**DATA SEGMENT**
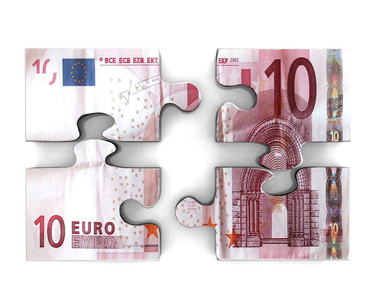Обои Пазл из купюры евро на белом фоне
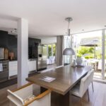 Aan de tuinzijde is de uitgebouwde leefkeuken gerealiseerd. Deze heeft de beschikking over een Smeg gasfornuis, afzuigschouw, Amerikaanse koel-/vriescombinatie en een vaatwasser. Middels openslaande deuren is er toegang tot de zonnige achtertuin (zuidwest), gelegen aan het water. Achter de keuken is een extra multifunctionele ruimte gecreëerd. Je zou hier o.a. kunnen werken of de kinderen kunnen hier lekker spelen. De geïsoleerde garage is van binnenuit bereikbaar en hier is verwarming, water en elektra aanwezig. Openslaande deuren naar de voorzijde.
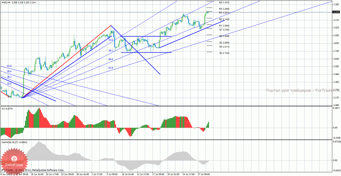 Анализ природного газа за 31 июля показывает, что восходящая линия тренда перестроена и теперь градус ее наклона меньше, а сама линия сильнее, поэтому рост инструмента продолжается. Целями для продолжения восходящего движения выступают уровни сопротивления 3,2210, 3,2690 и 3,3470. А вот закрепление ниже восходящей линии тренда или уровня R2 – 3,1420 может указать на коррекцию или завершение восходящего движения. Новая восходящая линия тренда поддерживает быков на рынке. Инструмент также продолжает двигаться вдоль 50% линии по Фибоначчи, которая также выступает в некотором роде поддержкой. Индикатор Awesome показывает локальное восходящее движение, последний закрытый бар окрашен в зеленый цвет. OsMA также направлен вверх, что сигнализирует о восходящем движении цены на газ в более долгосрочной перспективе.

**WHAT NEEDS TO BE DONE**
Transcribe the material above in full. No picture is to be copied.

**TASK RESPONSE**
Обои Пазл из купюры евро на белом фоне
 Aan de tuinzijde is de uitgebouwde leefkeuken gerealiseerd. Deze heeft de beschikking over een Smeg gasfornuis, afzuigschouw, Amerikaanse koel-/vriescombinatie en een vaatwasser. Middels openslaande deuren is er toegang tot de zonnige achtertuin (zuidwest), gelegen aan het water. Achter de keuken is een extra multifunctionele ruimte gecreëerd. Je zou hier o.a. kunnen werken of de kinderen kunnen hier lekker spelen. De geïsoleerde garage is van binnenuit bereikbaar en hier is verwarming, water en elektra aanwezig. Openslaande deuren naar de voorzijde.
 Анализ природного газа за 31 июля показывает, что восходящая линия тренда перестроена и теперь градус ее наклона меньше, а сама линия сильнее, поэтому рост инструмента продолжается. Целями для продолжения восходящего движения выступают уровни сопротивления 3,2210, 3,2690 и 3,3470. А вот закрепление ниже восходящей линии тренда или уровня R2 – 3,1420 может указать на коррекцию или завершение восходящего движения. Новая восходящая линия тренда поддерживает быков на рынке. Инструмент также продолжает двигаться вдоль 50% линии по Фибоначчи, которая также выступает в некотором роде поддержкой. Индикатор Awesome показывает локальное восходящее движение, последний закрытый бар окрашен в зеленый цвет. OsMA также направлен вверх, что сигнализирует о восходящем движении цены на газ в более долгосрочной перспективе.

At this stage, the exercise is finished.